Moore's speech did not raise my hopes. "Judge" Moore--who has been suspended from the bench twice for trying to force the Will of God on the people--came onstage to assure everyone that It's Not Over, which the crowd of All-American bottom-feeders readily cheered and applauded. (Where do they find these people?) He prattled on for a bit about how God is in control, and even quoted the Scriptures. If Jesus had been there, even he wouldn't have hesitated to kick Moore straight in the nuts. Fuck turning the other cheek, even Messiahs have limits, and I don't know who could have stood having his name dragged through the mud by being associated with a creep like Roy Moore. 

Right. And the poor, sick SOB still hasn't conceded, even after the billionaire rich-kid president offered Jones a limp congratulations on his victory. Who cares? Let him prance around and pretend he's still got a chance. Meanwhile, Alabama's got a new senator that supports LGBT rights and prosecuted Klansmen for murdering black kids. Weird, especially at a time when the president is a bloated throwback to the worst and ugliest times in US history. But lest we start feeling too optimistic about the state of race relations in the Deep South, it's worth remembering that the vast majority of white Alabamians voted for Moore. As a white American myself, I'm starting to reach the regrettable conclusion that it would be better for the species if we could put strict limits on our reproduction rate to keep the amount of damage we do in check. Just until we figure out what the hell is going on, as Trump would say. 

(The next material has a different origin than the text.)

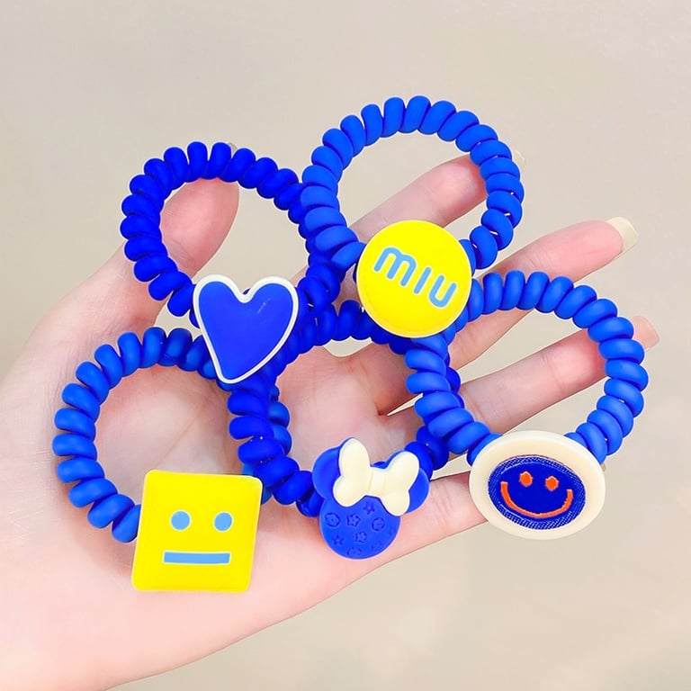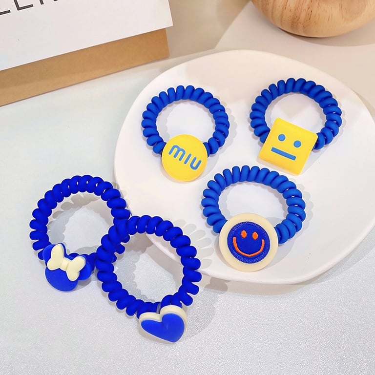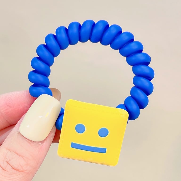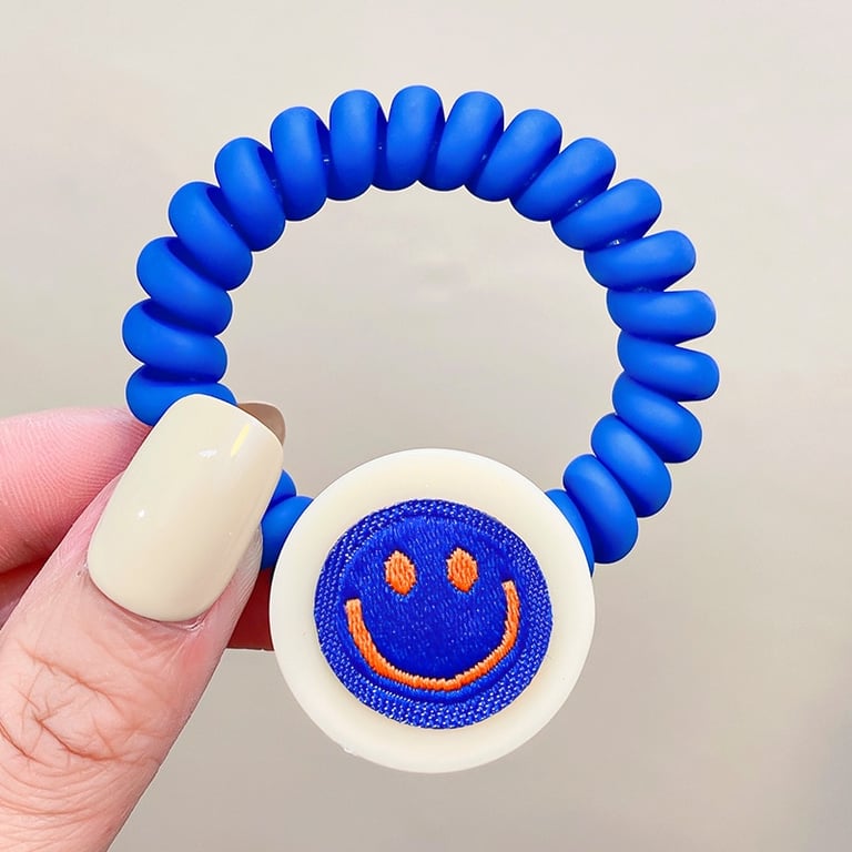 Damen Spiralhaargummi mit niedlichem Smiley – blau

In any case, we can certainly use as many Democrats in the Senate as we can get. The Democratic Party is a pretty sad spectacle for anyone who really wants to aggressively tackle the problems of the day--racism, poverty, and the reckless plunder of the environment--but they at least provide some amount of protection from the old-fashioned fascism Trump would readily usher in if he could. Especially with the Republicans ready to put the finishing touches on their monster of a "tax reform" plan, designed to shower their biggest donors in riches and shaft the rest of us. Not to mention how the FCC, led by corporate lackey Ajit Pai, just voted to deregulate the corporate behemoths that give us access to the Internet. 

We are still in some deep shit, but the Alabama senate race provides at least a little catharsis, and we can hope it means the Grand Old Party will get flogged at the polls next November. God knows the fiends deserve it. And on that note, Merry Christmas and Happy Holidays to all.